[Haskell-beginners] Class definition syntax

Shawn Willden shawn-haskell at willden.org
Sat Oct 31 23:42:24 EDT 2009


On Saturday 31 October 2009 08:55:56 pm Joe Fredette wrote:
> Well, I think the issue is you're thinking too OOPy...

I understand what you're saying, but I don't think I am.

> But let me answer the actual problem first, type classes are
> (basically) functions on types. So a type of "kind" `* -> * -> *`
> means it is a type which accepts two type variables. So:
>
> 	newtype Foo a b = Foo (a, b)

Okay, that makes sense.  What I'd read about kinds was considerably less 
clear.  Thanks.

> 	newtype Board = Board IArray ...
>
> means that _you can just use the IArray types_! Well, almost, really
> what you want is a type-synonym:
>
> 	type Board = IArray Location ...
>
> Now you can write functions like
>
> 	foo :: Board -> Int
> 	foo = Board !! (1,2)
>
> and it will "just work" because Board _is_ an "IArray".
>
> Hope that makes sense...

It does make sense, but it doesn't solve my problem.  See, Board isn't the 
only type I have (and, also, Board has to be a newtype rather than a type 
synonym because it's also an instance of another class -- well, unless I want 
to turn on the extension that allows instances of synonyms, and I'm not sure 
what the etiquette is there), and some of the others aren't just IArrays with 
an aliased name, they have other data elements as well.  For example:

data ScoredBoard = ScoredBoard {
    arry     :: (IArray Location String)
    score    :: Int
    maxScore :: Int
}

I would like to be able to use (!), (//), bound, range, etc., on those as 
well, and without having to say "range (arry sb)", or having to define a 
bunch of fooRange, barRange, bazRange, etc., functions.

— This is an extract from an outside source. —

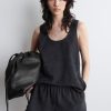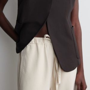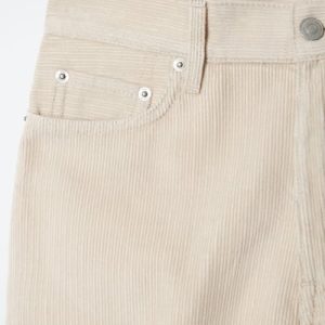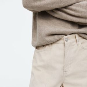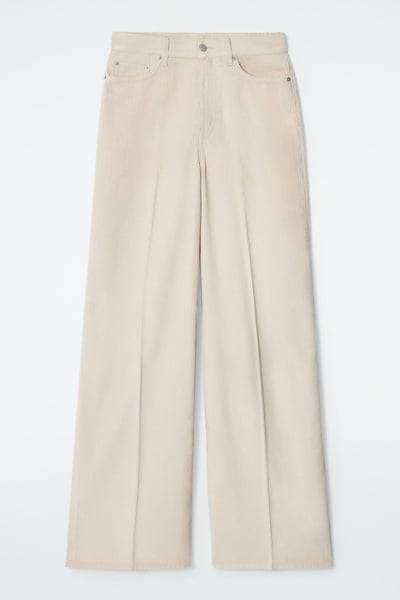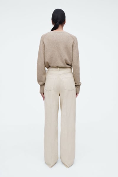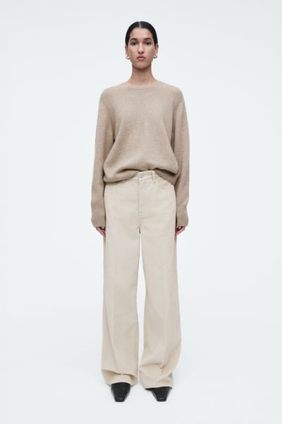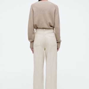 The Tide jeans are characterized by their high-waisted shape and wide, elongated legs. This season, they’re reimagined in ’70s-inspired cotton-corduroy and come in a timeless dusty-beige shade. The full-length hems pool to the floor and work just as well with heels as they do flats.

Basically I want to take this set of common array operations and overload them 
for a bunch of different types.  As I understand it, classes are effectively 
the only way to overload in Haskell.

Perhaps it just isn't possible to do what I want?  If kind signatures must 
match, then that's a problem, because different types will have different 
numbers of construction parameters.

Thanks for the help,

	Shawn.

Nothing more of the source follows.